关于python：内容长度标题与手动计算时不一样？

Content-length header not the same as when manually calculating it?

这里的答案(原始响应的字节大小)表示：

Just take the len() of the content of the response:

1
2
3
>>> response = requests.get('https://github.com/')
>>> len(response.content)
51671

但是这样做并不能得到准确的内容长度。

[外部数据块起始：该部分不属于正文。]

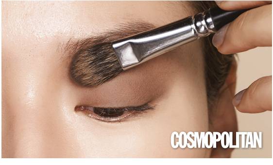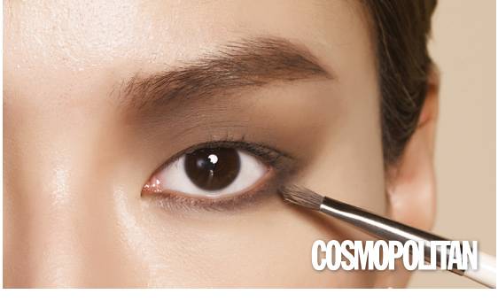 2. 넓은 아이섀도 브러시로(물론 손가락을 사용해도 된다) 눈썹 밑과 눈 앞머리 쪽에 섀도를 덧바른다. 콧대 옆까지 자연스럽게 블렌딩하면 코가 오뚝해 보이는 효과가 있다.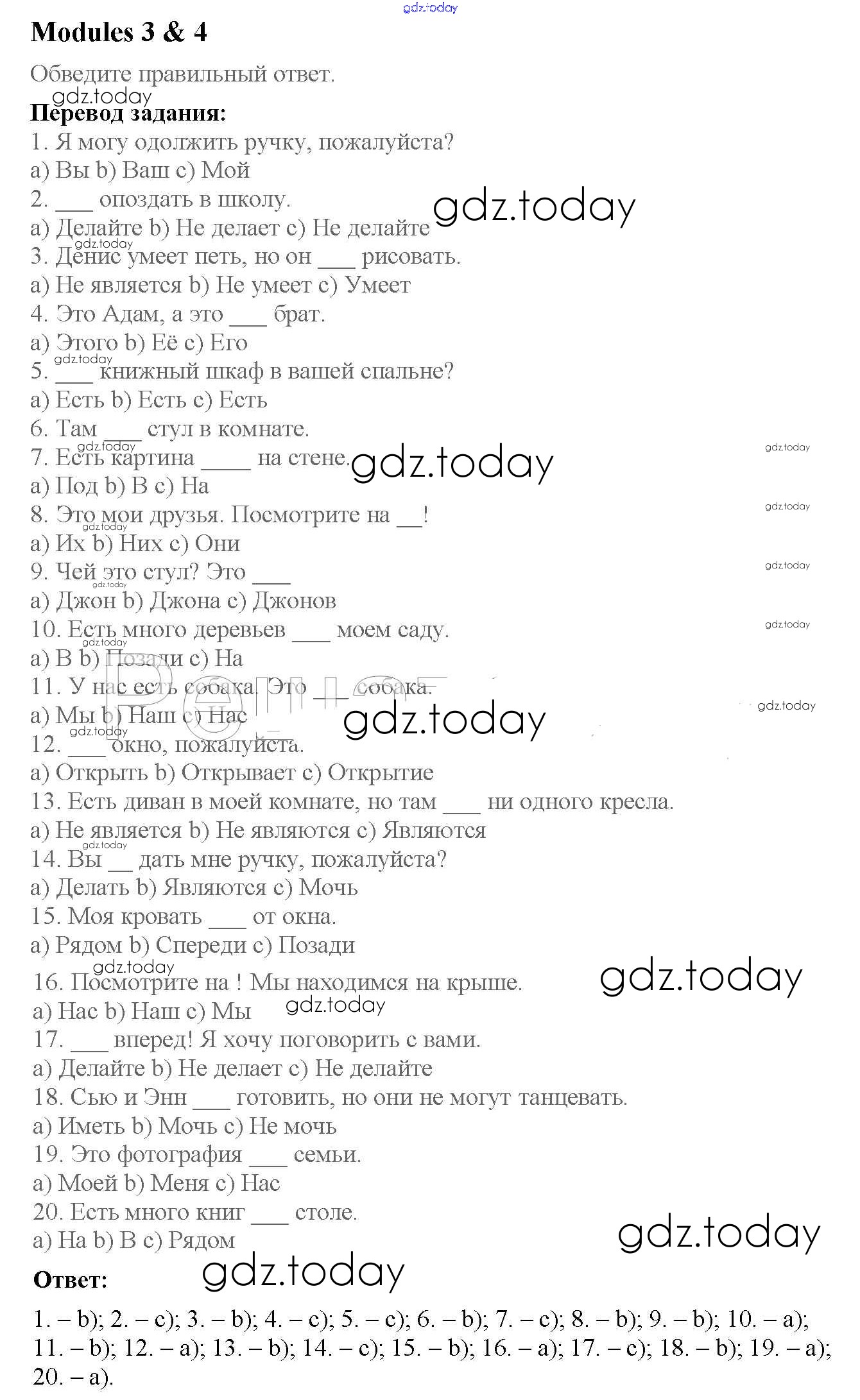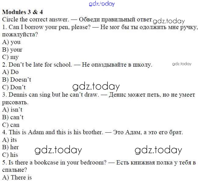 На страницах сайта gdz.today вы найдете учебный и вспомогательный материал, направленный на улучшения знаний школьной программы. ГДЗ - онлайн мир знаний Модули Повторение (решение) 3-4 Рабочей тетради по Английскому языку для 5 класса Ваулина, Дули Просвещение, Просвещение Spotlight 2016, 2022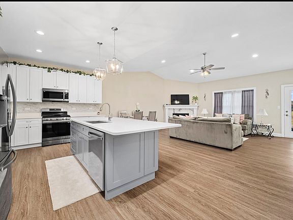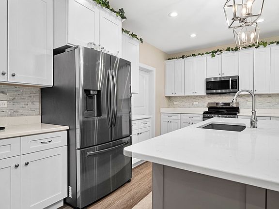 Experience pure luxury at Creekside Estates, Channahon! This stunning three bedroom, two bath, over 1800 square-foot ranch-style home boasts a beautiful brick exterior with maintenance-free siding. Inside you'll find elegant crown molding, wainscoting and chair rails throughout the home to give it that extra touch of luxury. The open kitchen features designer 42 inch custom cabinets, extended island with garbage pull and extra cabinet storage, quartz countertops throughout with stunning backsplash and a vaulted ceiling. The natural light illuminating it makes it even more stunning. Brand new carpet and whole house freshly painted means this home is move in ready! This home also offers a full basement with roughed-in plumbing for a full bath. Other outstanding features include six-panel doors, concrete driveway, 12x12 concrete patio, and a country porch to enjoy your days and evenings. It is also prepped for a generator! Don't miss out on this incredible opportunity to own your dream home in Creekside Estates, Channahon!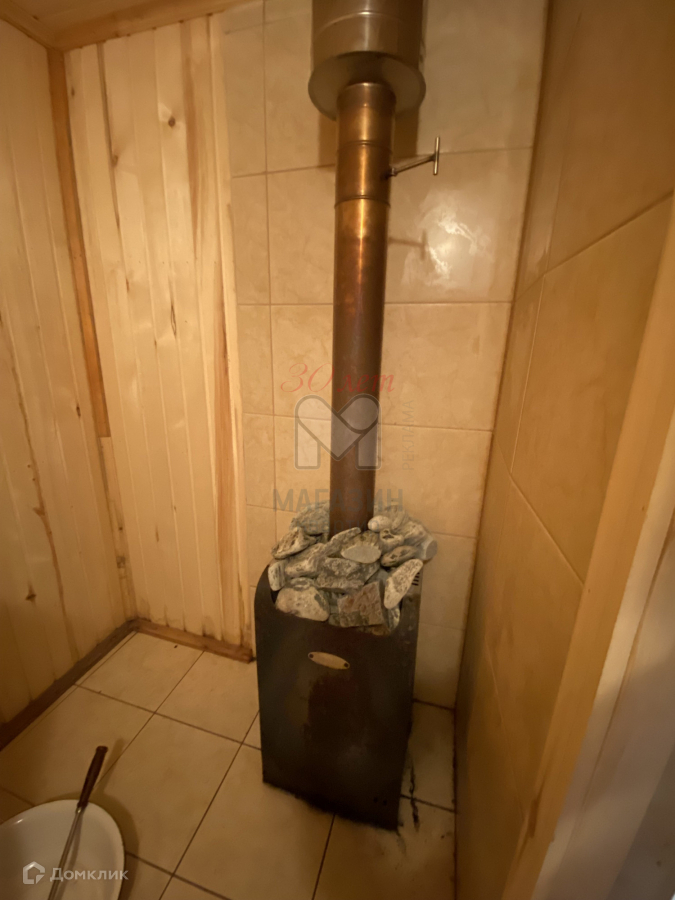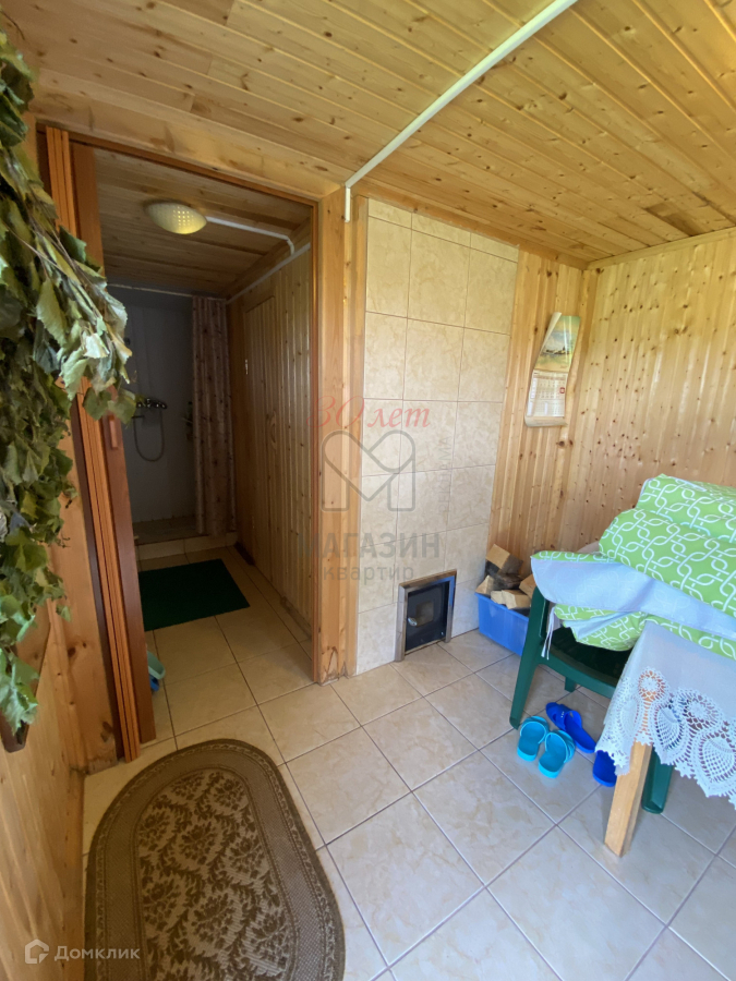 На участке баня, с просторной парилкой и комнатой отдыха. Оборудована душевая. Под крышей находится бойлер для душевой.

例如，请查看此python代码：

1
2
3
4
5
6
7
8
9
10
11
12
13
14
15
16

import sys
import requests

def proccessUrl(url):
try:
r = requests.get(url)
print("Correct Content Length:"+r.headers['Content-Length'])
print("bytes of r.text :"+str(sys.getsizeof(r.text)))
print("bytes of r.content :"+str(sys.getsizeof(r.content)))
print("len r.text :"+str(len(r.text)))
print("len r.content :"+str(len(r.content)))
except Exception as e:
print(str(e))

#this url contains a content-length header, we will use that to see if the content length we calculate is the same.
proccessUrl("https://stackoverflow.com")

如果我们尝试手动计算内容长度并将其与标题中的内容进行比较，我们会得到一个更大的答案？

1
2
3
4
5

Correct Content Length: 51504
bytes of r.text : 515142
bytes of r.content : 257623
len r.text : 257552
len r.content : 257606

为什么len(r.content)没有返回正确的内容长度？如果表头丢失，我们如何才能准确地手动计算？

相关讨论

Content-Length头反映响应的主体。这与text或content属性的长度不同，因为响应可以被压缩。requests为您解压缩响应。

如果您希望response对象仍然正常工作，则必须绕过许多内部管道以获得原始的、压缩的原始内容，然后才能访问更多的内部构件。最简单的方法是启用流，然后从原始套接字读取：

1
2
3
4
5
6
7
8

from io import BytesIO

r = requests.get(url, stream=True)
# read directly from the raw urllib3 connection
raw_content = r.raw.read()
content_length = len(raw_content)
# replace the internal file-object to serve the data again
r.raw._fp = BytesIO(raw_content)

演示：

1
2
3
4
5
6
7
8
9
10
11
12
13
14
15
16
17
18

>>> import requests
>>> from io import BytesIO
>>> url ="https://stackoverflow.com"
>>> r = requests.get(url, stream=True)
>>> r.headers['Content-Encoding'] # a compressed response
'gzip'
>>> r.headers['Content-Length'] # the raw response contains 52055 bytes of compressed data
'52055'
>>> r.headers['Content-Type'] # we are served UTF-8 HTML data
'text/html; charset=utf-8'
>>> raw_content = r.raw.read()
>>> len(raw_content) # the raw content body length
52055
>>> r.raw._fp = BytesIO(raw_content)
>>> len(r.content) # the decompressed binary content, byte count
258719
>>> len(r.text) # the Unicode content decoded from UTF-8, character count
258658

号

这会将完整的响应读取到内存中，因此如果您希望得到大量的响应，请不要使用此选项！在这种情况下，您可以使用shutil.copyfileobj()将数据从r.raw文件复制到假脱机临时文件(一旦达到某个大小，该文件将切换到磁盘上的文件)，获取该文件的文件大小，然后将该文件填充到r.raw._fp上。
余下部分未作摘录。